A picture is worth a thousand words. No amount of talking will influence an intelligent person to believe what they hear rather than what they see.

8. Some things are meant to be kept to yourself

Words are rarely interpreted how they were intended to be.

Unless you are talking to someone close to you, or at least someone who knows you well, it is very common for your words to get interpreted differently from how you intended them, especially once they go through the filters of an individual’s human experience.

Some things, some experiences, some thoughts are only meant for you. The beauty that you experience through these things is likely only visible to you. It doesn’t hurt to share them with others, but you are setting yourself up for disappointment if you expect others to experience said things in the desired way through your verbal explanation.

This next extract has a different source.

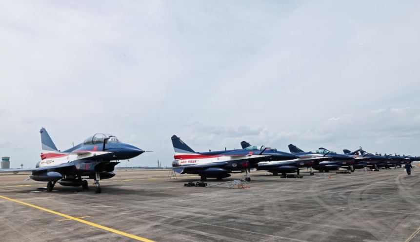 সিঙ্গাপুরে পৌঁছেছে চীনের পিএলএ অ্যারোবেটিক দলের জে-১০ যুদ্ধবিমান

Revelations, for example. Some people have huge amazing revelations about life. This is wonderful! It probably adds to their life in many ways. But to go around and preach about it as if it has never been thought of before and everyone will appreciate it and apply it to their life the same way you do? You are exposing yourself to potential criticism that could unnecessarily taint your beautiful personal experience.

9. Practicing Silence is a relief

Have you ever been in a group situation where everyone is trying to get a word in? When you feel passionate about the subject, it is so important that what you have to say is heard; however, this is a situation where talking is of high supply and low demand, and listening is of low supply and high demand. It is a relief to let go of the competition to get a word in and just be a person who listens. If someone wants to hear what I have to say, great — they can ask me! But releasing the pressure of trying to talk over others and get a word in allows you to relax on another level. Plus, these are situations where everyone could benefit from having a listener.

10. Practicing Silence breeds patience

You know when you start to feel really frustrated with someone? Either they’re not listening, they’re not paying attention, or they’re just not getting it? When you speak on your frustration, you breed more frustration because you have started running down a slope where the more you say, the more heated you get. Practicing silence in these types of situations give you a moment to take a breath and put yourself in the other person’s shoes. Yes, maybe they’re not paying attention, but there have been plenty of times when you weren’t paying attention and you had no malicious intent to waste someone’s time. You may be frustrated that they don’t understand what you’re explaining to them — that’s no reason to allow frustration to make you think of them as stupid, as you have not understood every single thing that has been explained to you the first time it was explained.

Practicing silence and not acting on the urge to speak in frustrating situations gives you time and space to be patient with the person you are dealing with.


Obviously, being completely silent at all times isn’t feasible. And overthinking everything you say before you say it takes away the fun. When I’m with people I am comfortable with, I am less silent and share things about myself that aren’t to anyone’s benefit, but just to share because I love the people I’m with. On the flip side, when I’m in a situation with strangers, I utilize speech in creating a warm and open environment where everyone is at ease and not feeling awkward.

So with discernment, I practice silence when I’m around people, when I’m not around people, and within myself. It has benefitted me for the better, maybe it will do the same for you.

Shut the fuck up and have a blessed day.